Fasting and Calorie Restriction
During fasting, your NAD+ levels rise across multiple tissues, including muscle, liver, and fat. This increase activates a family of proteins called sirtuins, which play a central role in cellular repair, energy efficiency, and longevity. The connection between calorie restriction and sirtuins was first discovered in yeast, where lifespan extension from reduced calories required a functioning NAD+ production pathway. The same mechanism operates in mammals.
Calorie restriction doesn’t need to be extreme. The core principle is that your body ramps up NAD+ during periods of energy scarcity as a way to optimize cellular function under stress. Intermittent fasting likely taps into this same pathway, though most of the controlled data comes from sustained calorie restriction in animal models rather than time-restricted eating in humans. Still, the biology is consistent: metabolic stress from reduced food intake pushes NAD+ levels upward.
Foods That Provide NAD+ Precursors
Certain foods contain small amounts of NMN and NR naturally.
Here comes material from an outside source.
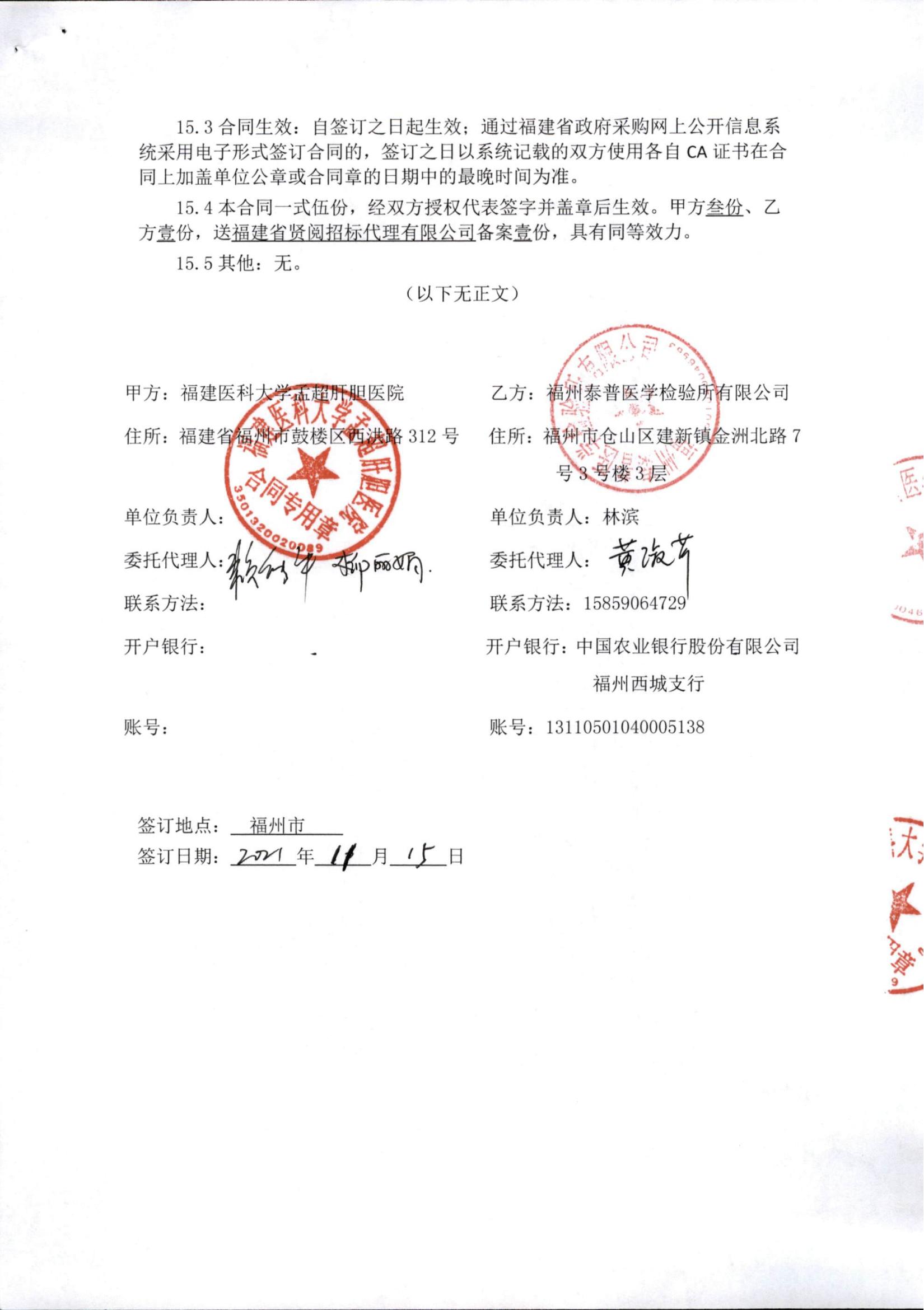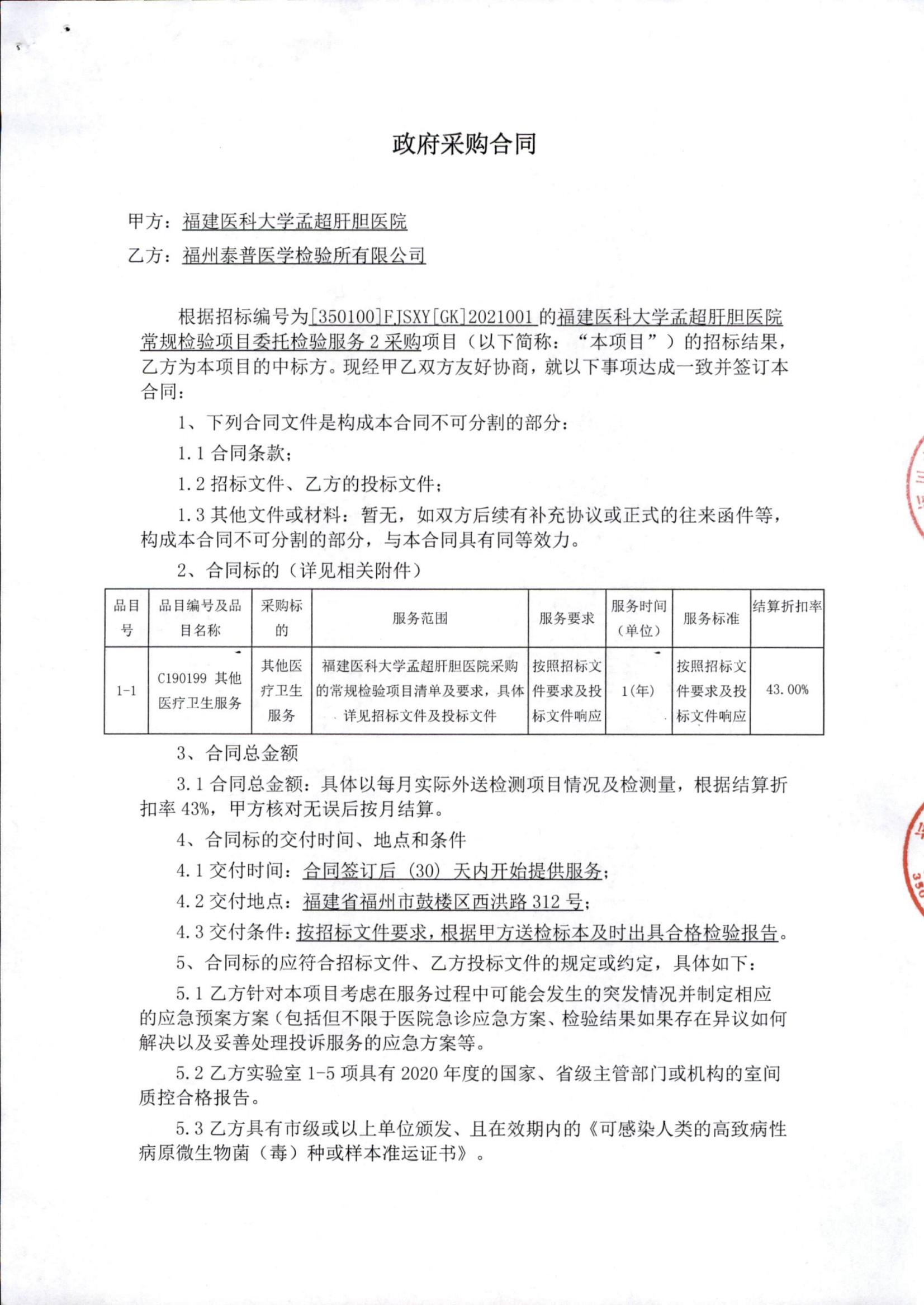 福建医科大学孟超肝胆医院常规检验项目委托检验服务2采购项目政府采购合同公示

Edamame has the highest measured NMN content at 0.47 to 1.88 mg per 100 grams, followed by avocado at 0.36 to 1.60 mg per 100 grams. Broccoli, cucumber, cabbage, and tomato contain smaller amounts. Raw meats and seafood provide 0.06 to 0.42 mg per 100 grams. Cow’s milk is the richest measured source of NR, and human breast milk contains the most NMN of any milk tested. Craft beers brewed with yeast also produce measurable NR and NMN during fermentation.
To put these numbers in perspective, you’d need to eat dozens of kilograms of edamame daily to match even a low-dose NMN supplement. Dietary sources contribute to your baseline NAD+ production but can’t replicate the concentrated boost of a supplement. More broadly, your body also makes NAD+ from tryptophan (found in turkey, eggs, cheese, and other protein-rich foods) and niacin (abundant in chicken, tuna, peanuts, and mushrooms). Eating enough protein and B vitamins supports the raw material supply your cells need.
IV NAD+ Therapy
IV infusions of NAD+ are marketed at wellness clinics, typically for anti-aging, addiction recovery, or energy enhancement. These infusions bypass the digestive system and deliver NAD+ directly into the bloodstream. However, published clinical evidence supporting IV NAD+ is thin. A systematic review of NAD supplementation across various clinical conditions found that studied protocols were overwhelmingly oral, not intravenous. The side effects reported across NAD supplementation studies (oral forms) included muscle pain in 24% of participants, nervous system complaints in 22%, fatigue in 20%, sleep disturbance in 20%, and headaches in 18%. Gastrointestinal issues, nausea, and skin rash occurred in smaller numbers.
IV sessions at clinics typically cost several hundred dollars each and are not covered by insurance. Without robust trial data on IV-specific dosing, safety, and effectiveness, it’s the least evidence-backed option on this list.
Combining Strategies for the Biggest Effect
These approaches are not mutually exclusive. Exercise increases the enzyme that recycles NAD+ in your cells. Precursor supplements provide more raw material to feed that recycling process. Fasting activates the downstream proteins that use NAD+ for repair and energy regulation. A practical combination might look like regular strength training or cardio several days a week, an NR or NMN supplement at a dose supported by trial data (250 to 1,000 mg daily depending on the precursor), adequate protein and B vitamin intake from food, and occasional periods of calorie restriction or time-restricted eating.
The decline of NAD+ with age is real and well-documented, with brain imaging studies showing a 10% to 25% drop between young adulthood and old age. But the tools to counteract that decline are accessible, and the strongest ones, exercise and nutrition, cost nothing.